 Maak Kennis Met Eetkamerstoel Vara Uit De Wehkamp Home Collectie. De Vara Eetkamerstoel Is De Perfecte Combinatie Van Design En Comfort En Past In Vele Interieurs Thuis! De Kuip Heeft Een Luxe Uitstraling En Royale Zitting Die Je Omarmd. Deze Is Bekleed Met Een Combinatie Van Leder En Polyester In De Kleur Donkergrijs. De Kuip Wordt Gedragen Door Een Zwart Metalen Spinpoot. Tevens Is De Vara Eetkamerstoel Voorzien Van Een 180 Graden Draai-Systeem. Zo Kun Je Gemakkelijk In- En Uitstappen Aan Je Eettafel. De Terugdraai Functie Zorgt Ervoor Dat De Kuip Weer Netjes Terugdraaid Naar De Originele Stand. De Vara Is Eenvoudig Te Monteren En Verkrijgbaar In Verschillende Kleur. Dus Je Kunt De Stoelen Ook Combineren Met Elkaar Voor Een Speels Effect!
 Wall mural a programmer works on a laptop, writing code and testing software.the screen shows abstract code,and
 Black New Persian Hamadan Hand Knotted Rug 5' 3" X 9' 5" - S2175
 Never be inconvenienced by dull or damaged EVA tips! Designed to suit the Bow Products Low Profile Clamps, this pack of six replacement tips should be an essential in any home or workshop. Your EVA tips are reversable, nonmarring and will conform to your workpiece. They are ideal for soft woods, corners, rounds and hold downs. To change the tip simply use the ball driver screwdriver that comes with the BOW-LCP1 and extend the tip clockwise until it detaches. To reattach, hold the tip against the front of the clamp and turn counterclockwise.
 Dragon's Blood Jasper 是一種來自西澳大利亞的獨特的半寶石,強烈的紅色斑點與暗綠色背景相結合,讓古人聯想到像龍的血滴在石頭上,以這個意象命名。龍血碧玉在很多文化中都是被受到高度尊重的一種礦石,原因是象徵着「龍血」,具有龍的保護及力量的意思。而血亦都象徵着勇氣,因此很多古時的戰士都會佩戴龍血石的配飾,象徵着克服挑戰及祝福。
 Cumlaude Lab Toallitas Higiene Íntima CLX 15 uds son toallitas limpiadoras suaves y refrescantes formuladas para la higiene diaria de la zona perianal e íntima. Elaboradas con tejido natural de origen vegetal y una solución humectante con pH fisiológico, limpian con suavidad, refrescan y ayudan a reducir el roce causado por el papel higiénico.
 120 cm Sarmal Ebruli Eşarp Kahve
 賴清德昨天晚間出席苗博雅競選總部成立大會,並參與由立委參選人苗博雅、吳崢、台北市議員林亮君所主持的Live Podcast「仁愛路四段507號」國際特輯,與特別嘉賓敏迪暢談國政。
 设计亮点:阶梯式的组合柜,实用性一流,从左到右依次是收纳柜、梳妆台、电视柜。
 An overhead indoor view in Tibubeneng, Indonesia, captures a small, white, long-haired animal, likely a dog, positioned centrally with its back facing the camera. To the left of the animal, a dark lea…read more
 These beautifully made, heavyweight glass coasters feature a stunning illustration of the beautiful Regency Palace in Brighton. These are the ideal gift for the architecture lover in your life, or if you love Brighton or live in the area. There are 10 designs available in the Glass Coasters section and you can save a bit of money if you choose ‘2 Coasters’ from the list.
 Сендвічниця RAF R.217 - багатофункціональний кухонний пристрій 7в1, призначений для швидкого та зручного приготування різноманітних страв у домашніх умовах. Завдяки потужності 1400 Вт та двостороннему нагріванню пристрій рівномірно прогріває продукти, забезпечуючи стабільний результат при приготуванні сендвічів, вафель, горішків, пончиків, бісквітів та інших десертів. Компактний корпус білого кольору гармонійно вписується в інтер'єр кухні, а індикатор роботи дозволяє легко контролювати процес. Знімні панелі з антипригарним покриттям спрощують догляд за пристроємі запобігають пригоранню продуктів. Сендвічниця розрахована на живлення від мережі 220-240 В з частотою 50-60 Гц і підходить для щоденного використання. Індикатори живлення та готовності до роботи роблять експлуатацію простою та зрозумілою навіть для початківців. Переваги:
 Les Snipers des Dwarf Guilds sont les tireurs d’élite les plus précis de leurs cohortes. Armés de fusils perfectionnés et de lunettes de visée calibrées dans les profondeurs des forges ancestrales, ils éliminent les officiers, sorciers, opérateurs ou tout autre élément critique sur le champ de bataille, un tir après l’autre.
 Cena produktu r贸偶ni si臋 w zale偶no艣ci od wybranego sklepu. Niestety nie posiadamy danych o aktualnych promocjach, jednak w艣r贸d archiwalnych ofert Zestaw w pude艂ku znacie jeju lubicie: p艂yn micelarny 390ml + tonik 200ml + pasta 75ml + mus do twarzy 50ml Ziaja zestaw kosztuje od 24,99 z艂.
#####
# Task details
Starting with the line that contains "Сендвічниця RAF R.217", copy each line through the end of the data exactly, and leave out all earlier lines.

# Task output
 Сендвічниця RAF R.217 - багатофункціональний кухонний пристрій 7в1, призначений для швидкого та зручного приготування різноманітних страв у домашніх умовах. Завдяки потужності 1400 Вт та двостороннему нагріванню пристрій рівномірно прогріває продукти, забезпечуючи стабільний результат при приготуванні сендвічів, вафель, горішків, пончиків, бісквітів та інших десертів. Компактний корпус білого кольору гармонійно вписується в інтер'єр кухні, а індикатор роботи дозволяє легко контролювати процес. Знімні панелі з антипригарним покриттям спрощують догляд за пристроємі запобігають пригоранню продуктів. Сендвічниця розрахована на живлення від мережі 220-240 В з частотою 50-60 Гц і підходить для щоденного використання. Індикатори живлення та готовності до роботи роблять експлуатацію простою та зрозумілою навіть для початківців. Переваги:
 Les Snipers des Dwarf Guilds sont les tireurs d’élite les plus précis de leurs cohortes. Armés de fusils perfectionnés et de lunettes de visée calibrées dans les profondeurs des forges ancestrales, ils éliminent les officiers, sorciers, opérateurs ou tout autre élément critique sur le champ de bataille, un tir après l’autre.
 Cena produktu r贸偶ni si臋 w zale偶no艣ci od wybranego sklepu. Niestety nie posiadamy danych o aktualnych promocjach, jednak w艣r贸d archiwalnych ofert Zestaw w pude艂ku znacie jeju lubicie: p艂yn micelarny 390ml + tonik 200ml + pasta 75ml + mus do twarzy 50ml Ziaja zestaw kosztuje od 24,99 z艂.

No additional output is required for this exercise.